- [Exercise aim]: Look below for the line that has "N G, Anoop and"; output exactly from it through the line that has "Profesionální diamantový kotouč", and leave the pictures out.

[Saved entries]
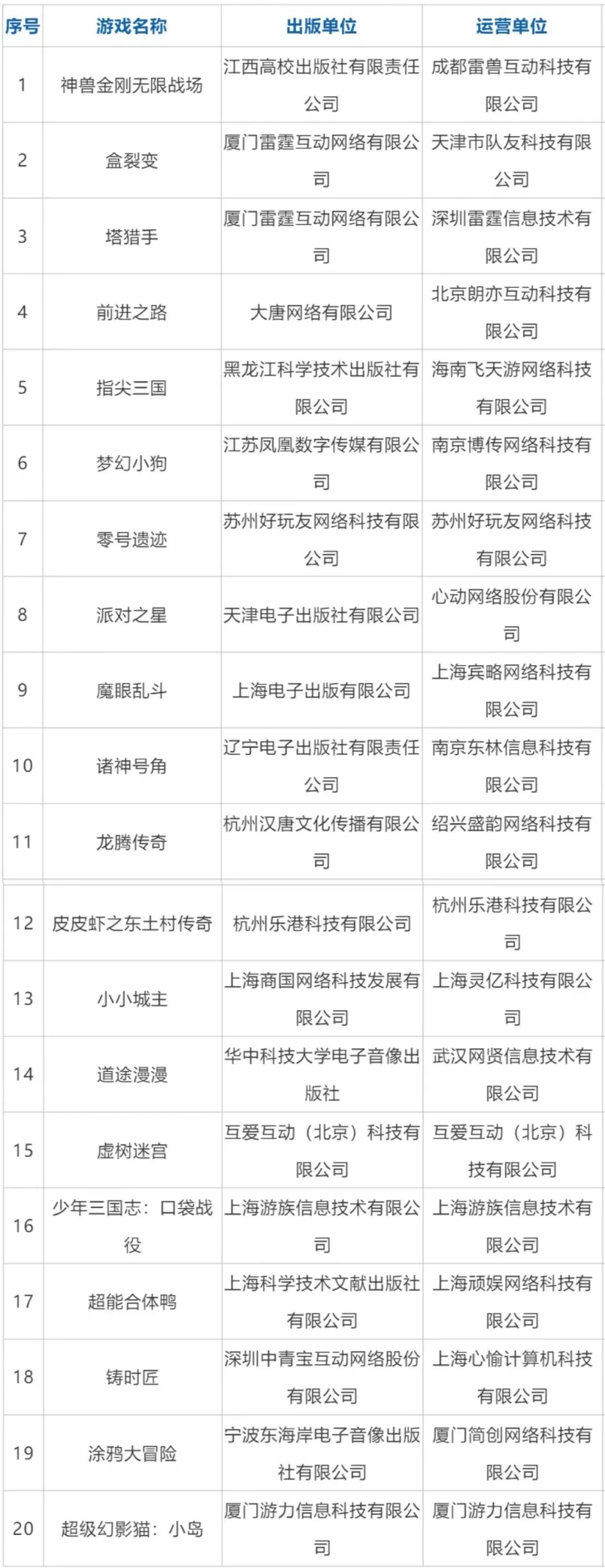 新一批版号名单共有45款游戏,包括此前就被媒体曝光的西山居的端游《剑网3缘起》、雷霆互动《塔猎手》、三七互娱《梦想大航海》、心动网络《派对之星》、创梦天地《小心火烛》、雷兽互动的《神兽金刚无限战场》等均在此列。
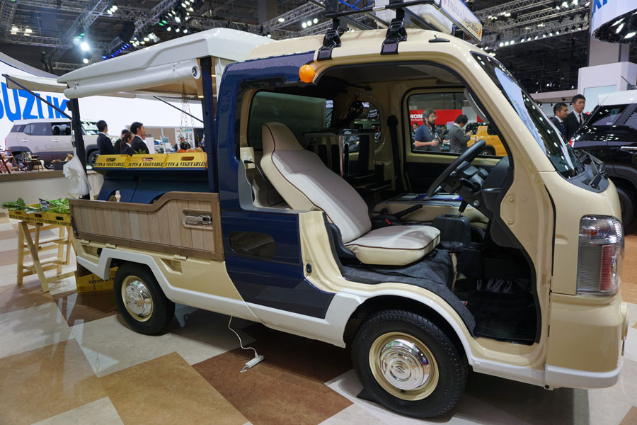 軽トラを仮設店舗として使う「軽トラ市」が全国に広がっている。「キャリィ 軽トラいちコンセプト」は、そんな軽トラ市に最適化したコンセプトカーだ
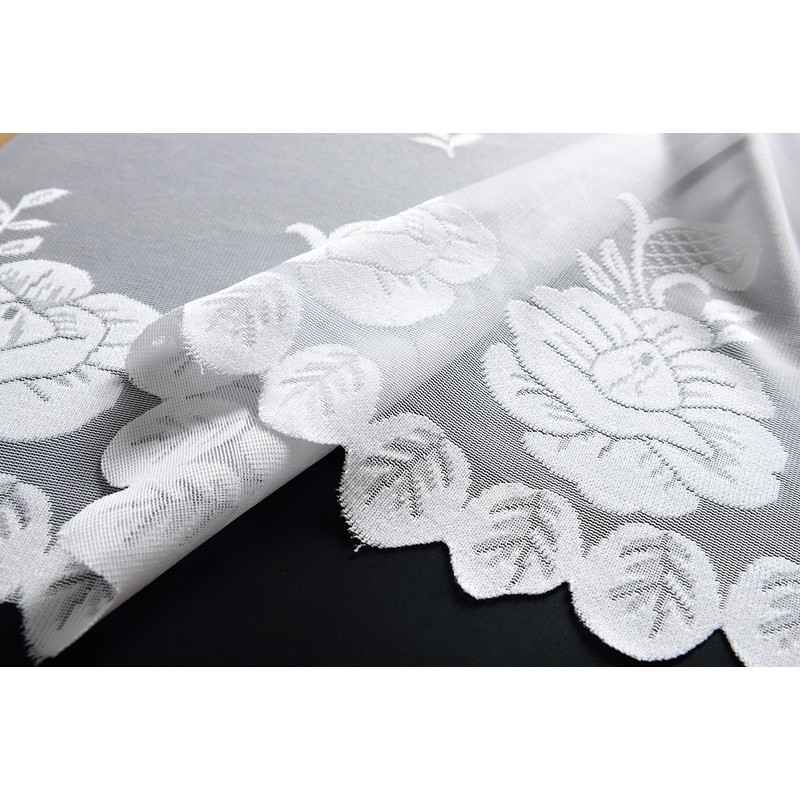 Bogenstore Jacquard Curtain, 145 x 600 cm, Floral Pattern, White, Ruffle Tape, Universal Tape, Pleated Tape, Store, 13140
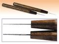 極細のステンレス製の螺旋状の刃が付いたブローチ用ツールです。0.5mm径と、0.84mm径の2本入り。木材やプラスチックの穴やくぼみをきれいに仕上げられます。
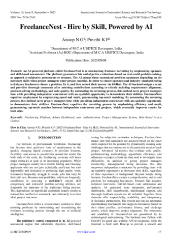 N G, Anoop and K P, Preethi (2025) FreelanceNest - Hire by Skill, Powered by AI. International Journal of Innovative Science and Research Technology, 10 (9): 5sep039. pp. 47-52. ISSN 2456-2165
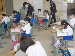 色使いや筆づかい、その他の工夫した技法を用いて、自分が思い描く模様(もよう)を表現していました。準備から活動、後片付けまで円滑に進める様子が見られました。
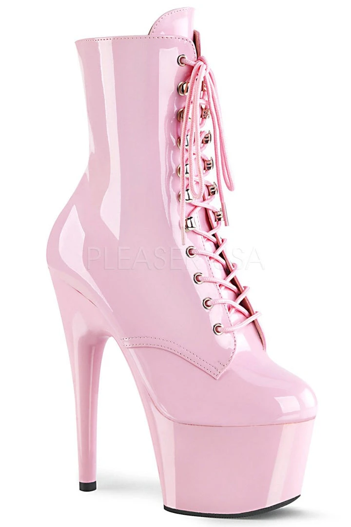- Patent red Platform Lace-Up Front Ankle Boot, Inside Zip Closure
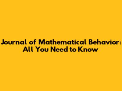 Journal Of Mathematical Behavior: All You Need To Know
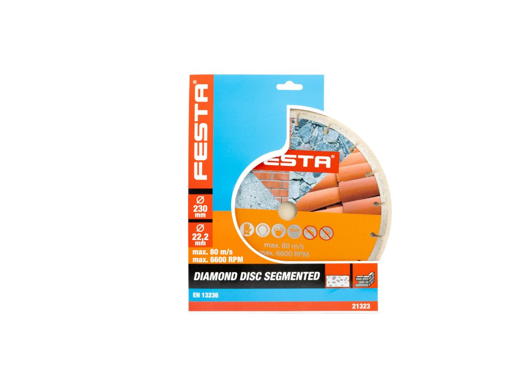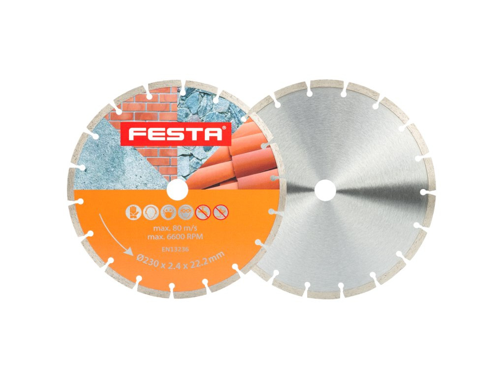 Profesionální diamantový kotouč FESTA, provedení : SEGMENTOVÝ, kvalitní materiály i zpracování - vysoce pevné uchycení diamantových segmentů k nosnému disku kotouče, vysoký obsah diamantového prachu v segmentech, použití : pro suché řezání betonu, cihel, zdiva, kamene, ... , balení : blistr s eurootvorem, rozměry : uvedeny v názvu výrobku.
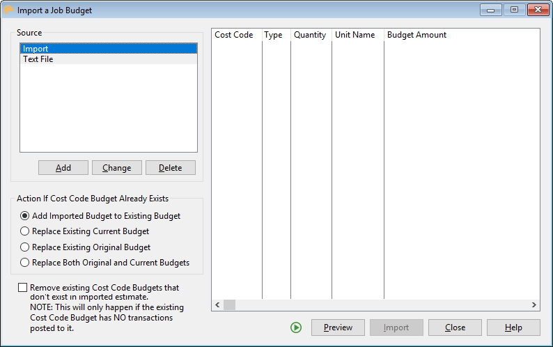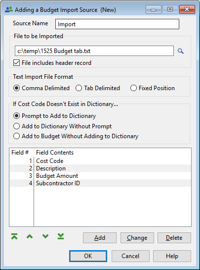 This button is used to take an estimate from a third party estimating program and import it as a job budget. The program can read any text file delimited with commas or tabs.
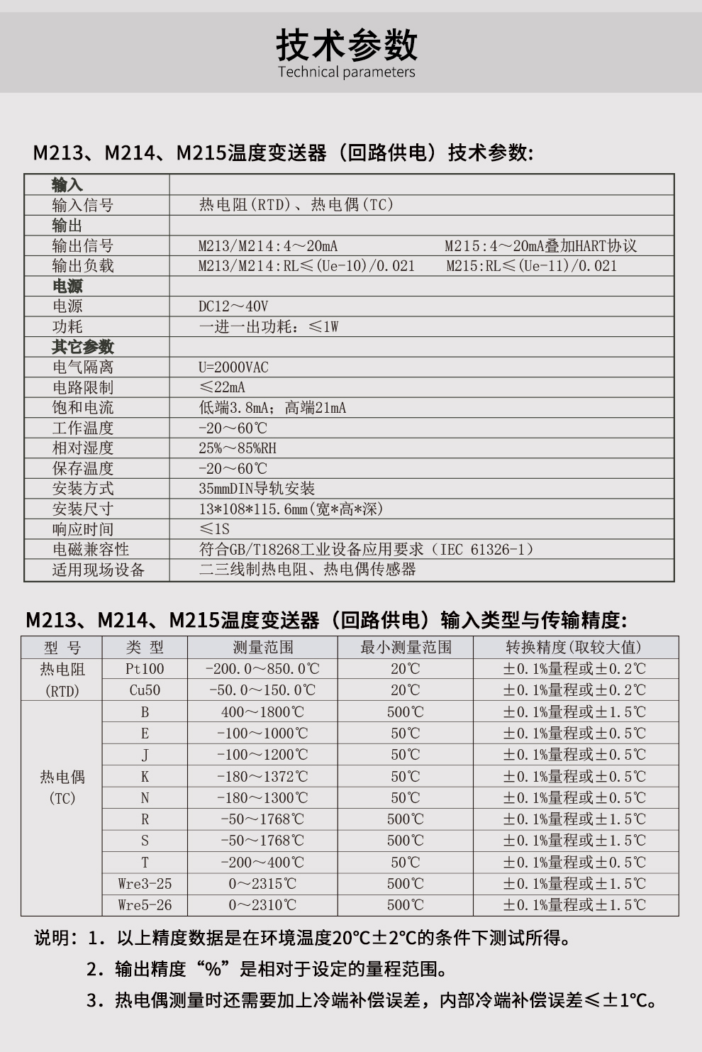 回路供電溫度變送器分為M213智能溫度變送器、M214隔離智能溫度變送器、M215 HART智能溫度變送器,變送器將現(xiàn)場的熱電阻或熱電偶信號經(jīng)過隔離放大處理,轉(zhuǎn)換為與溫度成線性的二線制4-20mA(HART)信號輸出至控制系統(tǒng)。
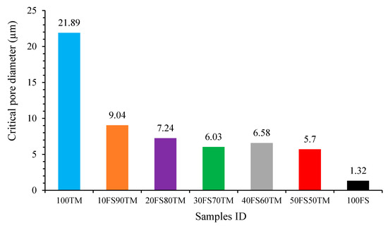 The pore diameter corresponding to the highest rate of mercury intrusion per change in pressure is known as the characteristic of continuous pore diameter (size), “critical,” or “percolation” pore diameter [32,33,34]. From the Differential Pore-Size Distributions (DPSD) curve, the highest point on the corresponding logarithmic differential pore volume curve corresponds to the critical pore (size) diameter. However, from the cumulative porosity curve the critical pore (size) diameter measured at the steepest slope of the curve. It is considered that all pore sizes refer to the percolation of mercury into the size pore diameter in an interconnected structure the critical pore diameter provides an index to compare pore structures between different alkali-activated mix designs [29,35,36]. The critical pore diameter, though, may provide a better indicator of material durability as it has an important influence on the permeability and diffusion characteristics of the alkali-activated binder paste [36,37]. However, there is no relation between the critical pore diameter and the degree of the alkaline activation or the related gel/space. The reason for this is that the pore structure depends on the quantity of the reaction products formed and how they are packed in the pore space [35]. Table 5 shows that the critical pore diameter of the alkali-activated binder gradually decreased with the increase of the EAF-Slag dosages in the binary-alkali-activated mixtures. For the 100% TMWM mixture, the critical pore diameter was 21.89 µm and this value decreased 74% by ratio to reach a critical pore diameter of 5.7 µm when 50 vt.% of TMWM was blended with 50 vt.% of EAF-Slag. The critical pore diameter significantly decreased when TMWM and EAF-Slag are blended, which influences the permeability and diffusion characteristics of the binary-alkali-activated binders. Comparing the 100% TMWM alkali-activated mixture (100TM sample) with the sample prepared with 100% EAF-Slag, the critical pore diameter decreased by 94% to reach 1.32 µm for the 100FS-AAB sample. Moreover, as seen in Figure 14 the 100TM sample has a higher critical pore diameter than the binary-AABs and 100FS-AAB sample that can be a factor of reduction of compressive strength.
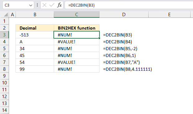 Nếu giá trị places nhỏ hơn số ký tự cần thiết cho kết quả nhị phân, hàm trả về lỗi NUM. Ví dụ, =DEC2BIN(255, 6) báo lỗi vì 255 cần ít nhất 8 ký tự để biểu diễn thành 11111111.
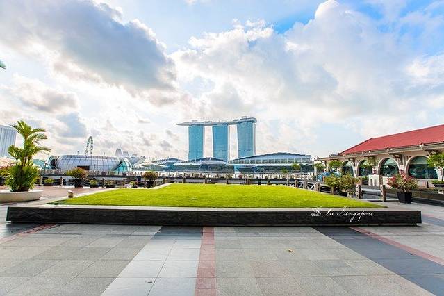 九点不到太阳却已经很刺眼,这时已经有旅游团的人拥簇在那里,拍照还要排队。看来10点到下午4点都不建议来,晒死。晚上来这里看滨海湾夜景,观赏金沙激光秀应该是一个不错的选择与视角。
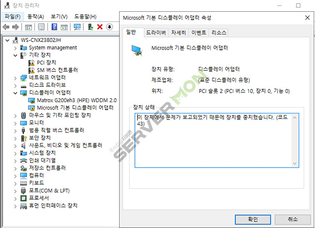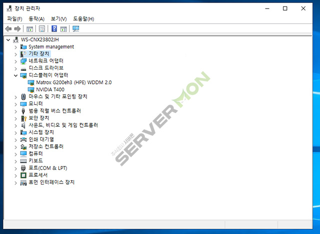 장치 관리자에서 해당 GPU가 인식되지 않은 모습을 볼 수 있습니다.
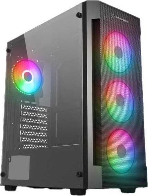 Rampage VIGILANT Mesh 650W 80+ BRONZE Siyah Temperli Camlı 4x12cm RGB Fan ATX Mid-T Gaming Oyuncu Kasası
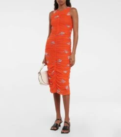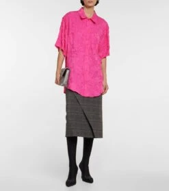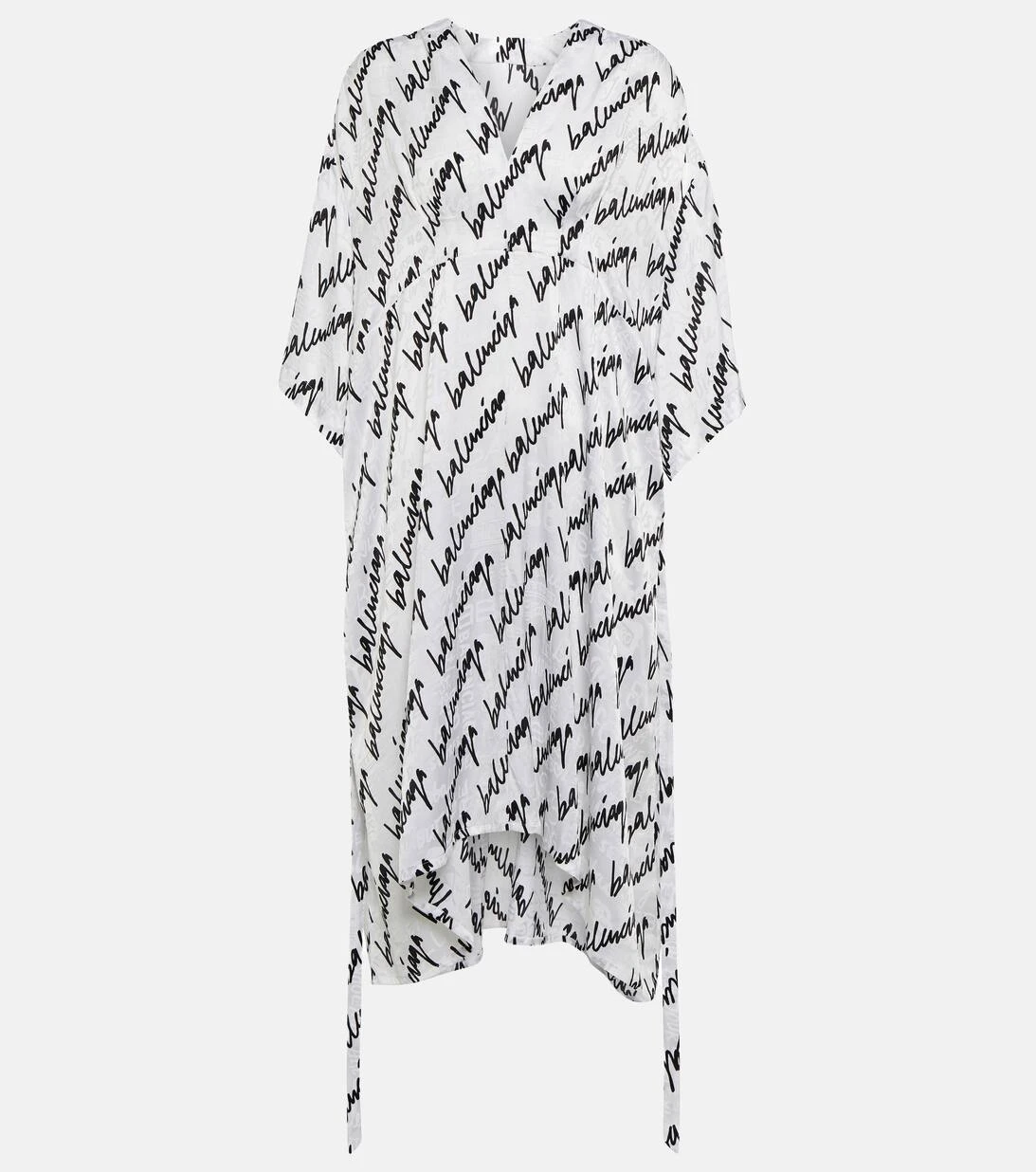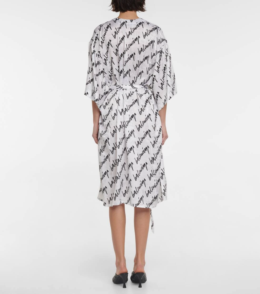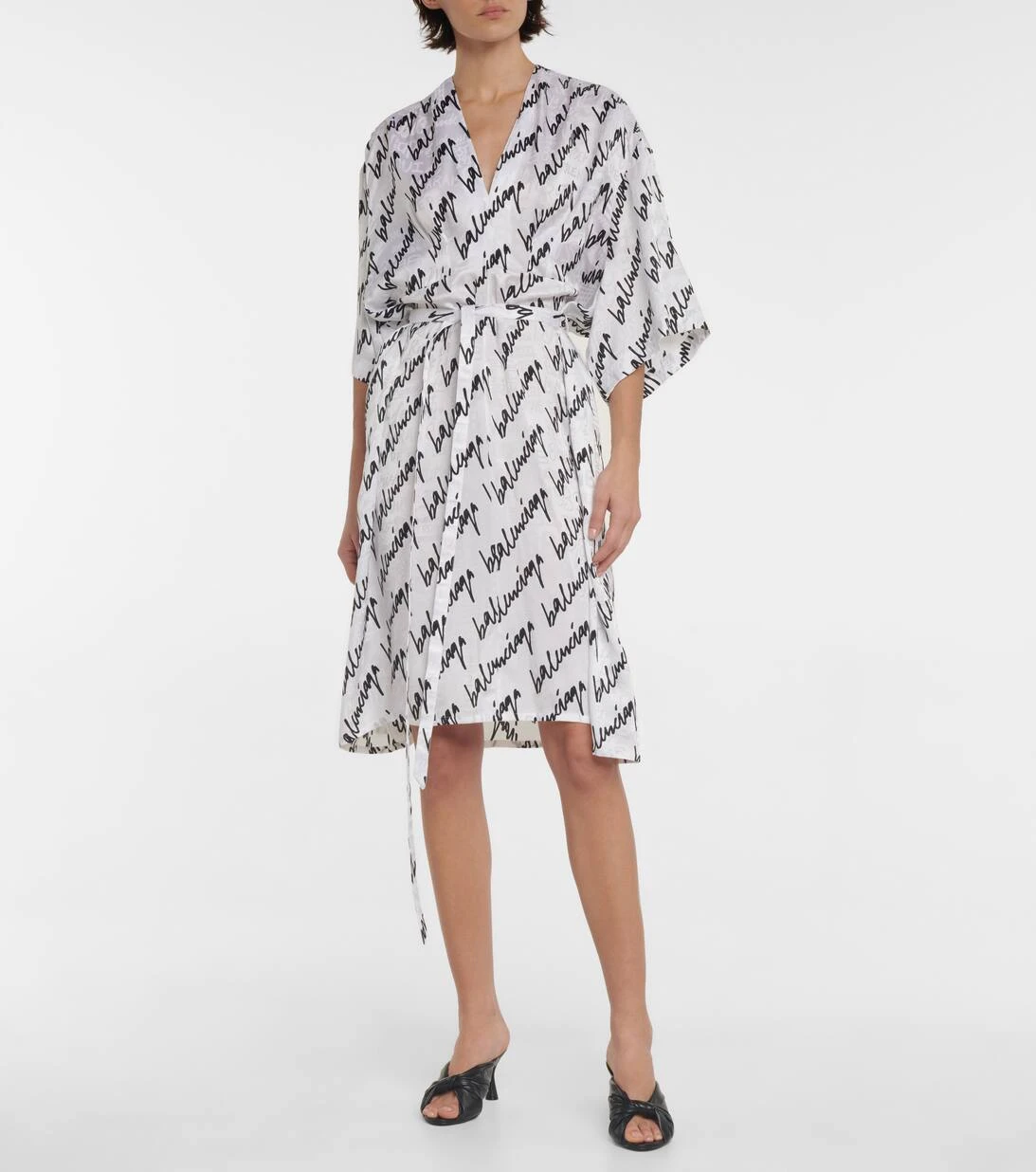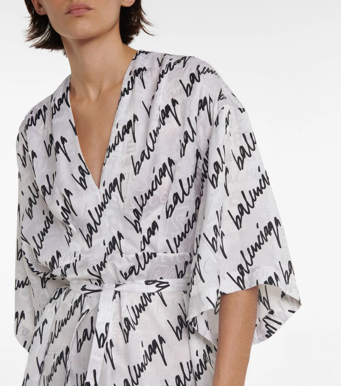 Das weiße New Scribble Midikleid von Balenciaga besitzt einen Oversized-Schnitt mit durchdachten Raffungen an den Schultern und einem Gürtel, der die Taille betont. Das Modell ist in Italien aus Seiden-Jacquard gefertigt, wobei der New Scribble Allover-Logoprint auf die Pariser Wurzeln des Hauses verweist.

- [Answer to this task]:
 N G, Anoop and K P, Preethi (2025) FreelanceNest - Hire by Skill, Powered by AI. International Journal of Innovative Science and Research Technology, 10 (9): 5sep039. pp. 47-52. ISSN 2456-2165
 色使いや筆づかい、その他の工夫した技法を用いて、自分が思い描く模様(もよう)を表現していました。準備から活動、後片付けまで円滑に進める様子が見られました。
- Patent red Platform Lace-Up Front Ankle Boot, Inside Zip Closure
 Journal Of Mathematical Behavior: All You Need To Know
 Profesionální diamantový kotouč FESTA, provedení : SEGMENTOVÝ, kvalitní materiály i zpracování - vysoce pevné uchycení diamantových segmentů k nosnému disku kotouče, vysoký obsah diamantového prachu v segmentech, použití : pro suché řezání betonu, cihel, zdiva, kamene, ... , balení : blistr s eurootvorem, rozměry : uvedeny v názvu výrobku.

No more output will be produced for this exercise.